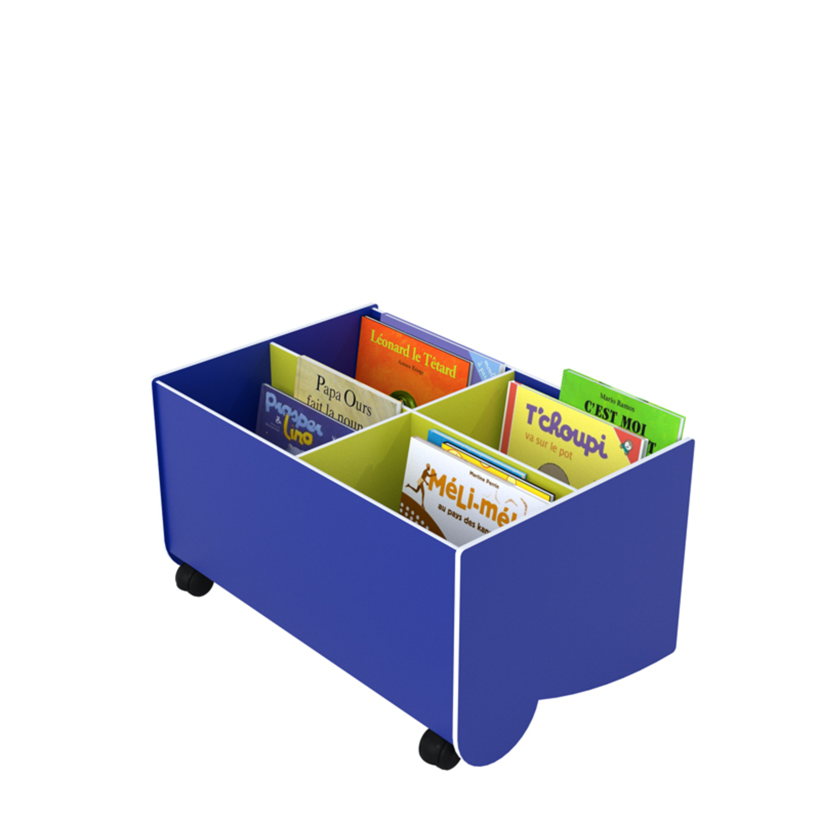 BAC A LIVRES MOBILE PETIT MODELE ANIS/BLEU
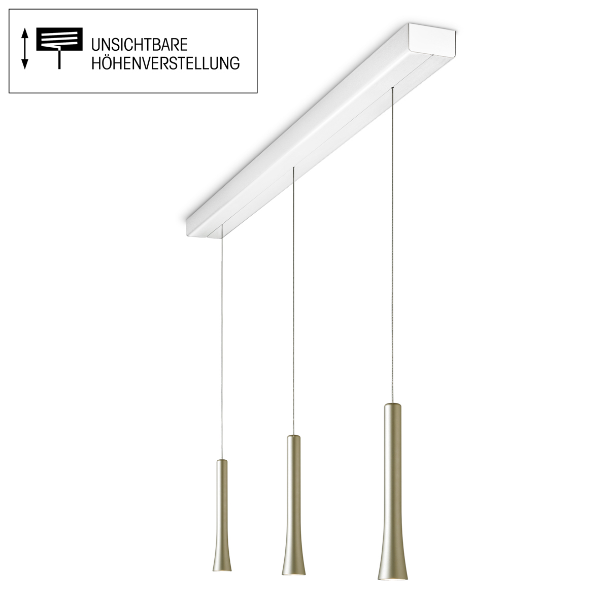 Die dreiflammige Oligo Rio LED Pendelleuchte ist eine höchst funktionelle, moderne Lichtquelle, die sich vor allem über länglichen Esstischen empfiehlt. Die Leuchte verfügt über einen unsichtbar im Baldachin integrierten Kabelaufzug, der eine komfortable Höhenregulierung ermöglicht (Verstellbereich 70 bis 230 cm). Durch einfaches Bewegen der Leuchtenpendel lässt sich die Pendelhöhe bedarfsgerecht einstellen – stufenlos, leichtgängig und immer wieder neu.
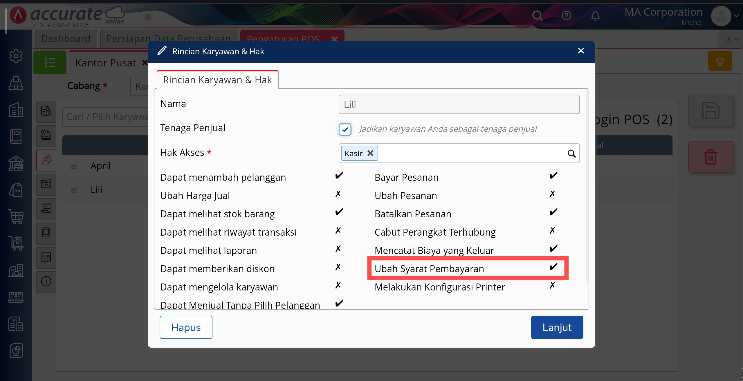 - Pastikan pada rincian karyawan & hak dari karyawan tersebut untuk peran Ubah Syarat Pembayaran sudah tercentang.
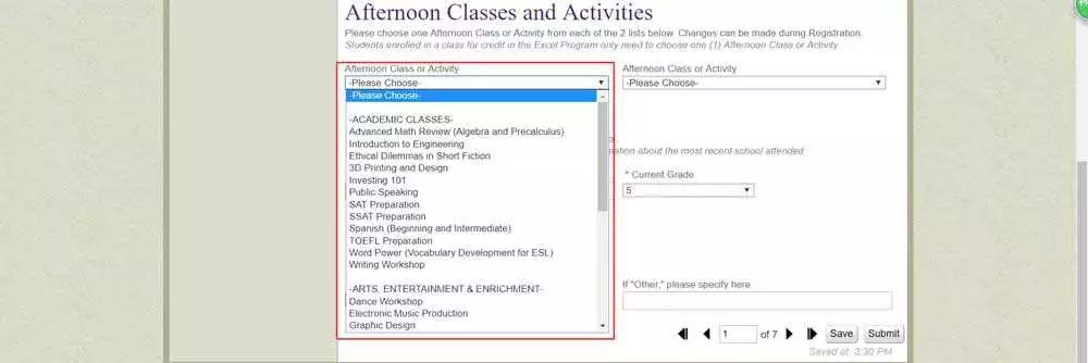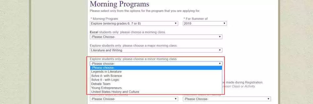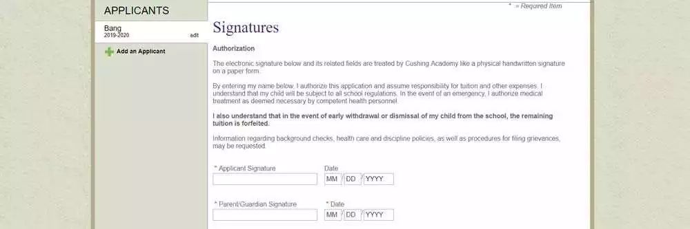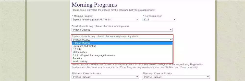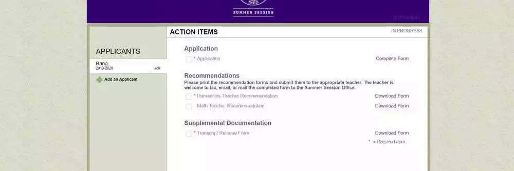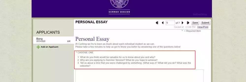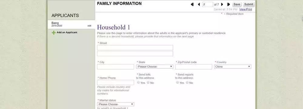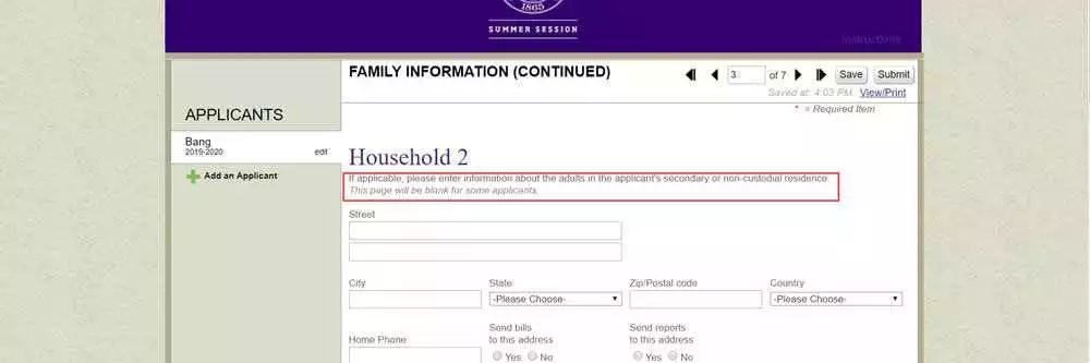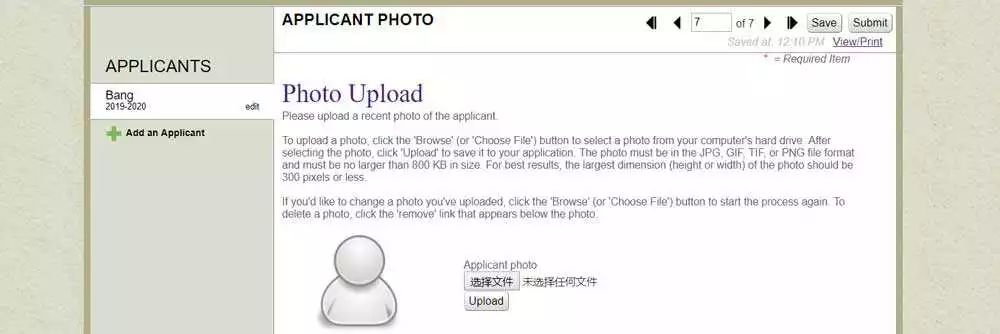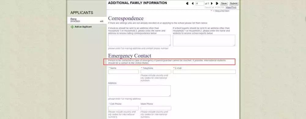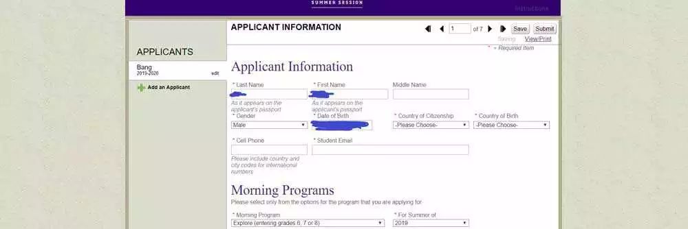 点击“Add Applicant”,进入以下页面:根据学生信息填写完成后点击“Save”,进入具体申请信息界面:申请内容一共分为三个部分:申请表(Application)、推荐信(Recommendations)和补充文件(Supplemental Documentation)。该校的补充文件主要为成绩单(Transcript Release Form)。(1)申请表填写点击申请表格部分的“Complete Form”,开始填写申请表,一共7页。第1页:第1页包括需要填写学生信息(Applicant Information)、选择上午课程(Morning Programs)、选择下午课程和活动(Afternoon Classes and Activities)、当前学校信息(Current School)和一般信息(General Information)。选择上午课程是,根据学生的年级和课程偏好进行选择。本例选择10岁年龄学生适合的Explore课程,上午课程需要选一门主修课和一门辅修课。选择主修课的下拉界面如下:选择辅修课的下拉界面如下:选择下午课程和活动的下拉界面如下:完成后点击“Save”并点击下一页进入第2页。第2页:本页主要填写家庭信息,包括联系地址和父母等监护人信息。第3页:一般情况下,这一页可以不需要填写,有特殊情况的学生可以选择填写。第4页:本页主要需要填写紧急联系人,申请页面提示,如可能最好填写在美国的联系人信息,以防特殊情况下学校可以联系到。第5页:填写个人陈述,学校提供了三个填写的方向,家长和学生可以选择自己擅长的填写,未明确要求字数。申请过程可以中断,建议填写时保存,将个人陈述准备好后继续。也可以根据麦驰游学的攻略,提前做好准备。今年的个人陈述题目如下:(1)What do you think would be valuable for us to know about you and why?(2)Why are you applying to Summer Session? What do you hope to achieve?(3)Tell us about a time that you were challenged by something. (What was it? What did you do? What was the outcome? 第6页:第7页:上传申请学生的近期照片3

Task to carry out:
Give the listing above again word for word, without its pictures.

Task answer:
 BAC A LIVRES MOBILE PETIT MODELE ANIS/BLEU
 Die dreiflammige Oligo Rio LED Pendelleuchte ist eine höchst funktionelle, moderne Lichtquelle, die sich vor allem über länglichen Esstischen empfiehlt. Die Leuchte verfügt über einen unsichtbar im Baldachin integrierten Kabelaufzug, der eine komfortable Höhenregulierung ermöglicht (Verstellbereich 70 bis 230 cm). Durch einfaches Bewegen der Leuchtenpendel lässt sich die Pendelhöhe bedarfsgerecht einstellen – stufenlos, leichtgängig und immer wieder neu.
 - Pastikan pada rincian karyawan & hak dari karyawan tersebut untuk peran Ubah Syarat Pembayaran sudah tercentang.
 点击“Add Applicant”,进入以下页面:根据学生信息填写完成后点击“Save”,进入具体申请信息界面:申请内容一共分为三个部分:申请表(Application)、推荐信(Recommendations)和补充文件(Supplemental Documentation)。该校的补充文件主要为成绩单(Transcript Release Form)。(1)申请表填写点击申请表格部分的“Complete Form”,开始填写申请表,一共7页。第1页:第1页包括需要填写学生信息(Applicant Information)、选择上午课程(Morning Programs)、选择下午课程和活动(Afternoon Classes and Activities)、当前学校信息(Current School)和一般信息(General Information)。选择上午课程是,根据学生的年级和课程偏好进行选择。本例选择10岁年龄学生适合的Explore课程,上午课程需要选一门主修课和一门辅修课。选择主修课的下拉界面如下:选择辅修课的下拉界面如下:选择下午课程和活动的下拉界面如下:完成后点击“Save”并点击下一页进入第2页。第2页:本页主要填写家庭信息,包括联系地址和父母等监护人信息。第3页:一般情况下,这一页可以不需要填写,有特殊情况的学生可以选择填写。第4页:本页主要需要填写紧急联系人,申请页面提示,如可能最好填写在美国的联系人信息,以防特殊情况下学校可以联系到。第5页:填写个人陈述,学校提供了三个填写的方向,家长和学生可以选择自己擅长的填写,未明确要求字数。申请过程可以中断,建议填写时保存,将个人陈述准备好后继续。也可以根据麦驰游学的攻略,提前做好准备。今年的个人陈述题目如下:(1)What do you think would be valuable for us to know about you and why?(2)Why are you applying to Summer Session? What do you hope to achieve?(3)Tell us about a time that you were challenged by something. (What was it? What did you do? What was the outcome? 第6页:第7页:上传申请学生的近期照片3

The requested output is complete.